Jesus, as is his custom, turns the terms of the question up-side-down. The lawyer asked, "who is my neighbor?" Jesus asks, "who was neighbor to the man?" The story redefines the emphasis of the question of neighbor. Rather than a means of assessing who is worthy of being considered a "neighbor", Jesus defines neighbor as something we "are" to others. Therefore, the worthiness of the one we help becomes irrelevant. What matters is need.
My In-laws attend a church in Green Valley, AZ which is very committed to Border issues. Arizona, as many people know, has recently passed legislation relating to illegal immigration which has raised quite a ruckus. There is a group in my In-Laws church called the "Samaritans" whose calling it is to look for immigrants in the desert region around the border and provide them with food or water or help. A great many people who seek to come from Mexico to the United States do so at great risk and many die in the attempt. Should the "Samaritans" find someone in the desert, they provide necessities for survival and, if the circumstances warrant it, they call Border Patrol.
Understandably there are many people who do not like the Samaritans. They feel these illegal immigrants get what they have coming if they die in the desert. They feel that providing them with food and water is unlawfully assisting them in breaking the law. There is a group, known as the Minutemen, who patrol looking for migrants for the purpose of harassing and intimidating them. This is not the only difference between Samaritans and Minutemen: the Samaritans are armed with water and food. The Minutemen are merely armed.

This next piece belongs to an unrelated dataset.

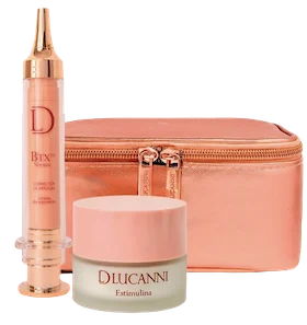 Este bonito neceser en color oro rosa guarda uno de los tesoros de D’Lucanni: el sérum efecto bótox-like BTX10 que suaviza arrugas y líneas de expresión. Está formulado con un neuropéptido que aumenta la firmeza de la piel y reduce las arrugas actuando en zonas tan problemáticas como las “patas de gallo”, el surco nasogeniano o el temido «código de barras». Lo acompaña una crema efecto lifting perfecta para tratar los signos de la edad y dejar la piel más firme, elástica y luminosa.

When we look at this situation in Arizona from the standpoint of Jesus' story, something should be clear. Jesus' story is about BEING a neighbor to those in need. Not, as the lawyer hoped, about assessing who was worthy of mercy. The Samaritans in Arizona are, therefore, very biblical in their desire to show mercy to those in need without assessing their character, legality, or circumstance (apart from their immediate need for food and water). The Minutemen, it would seem, are more like the Lawyer who asked Jesus the question. Who is my neighbor? Apparently, thirsty, starving Mexicans in the desert are not "their neighbor". If we want to be followers of Jesus, what shall we do? How shall we respond to the immigration issue? It is by no means easy. It is quite complicated. But we should begin with the right question. It is not, "who is my neighbor?" The right question is "Who acted as neighbor to the one in need?"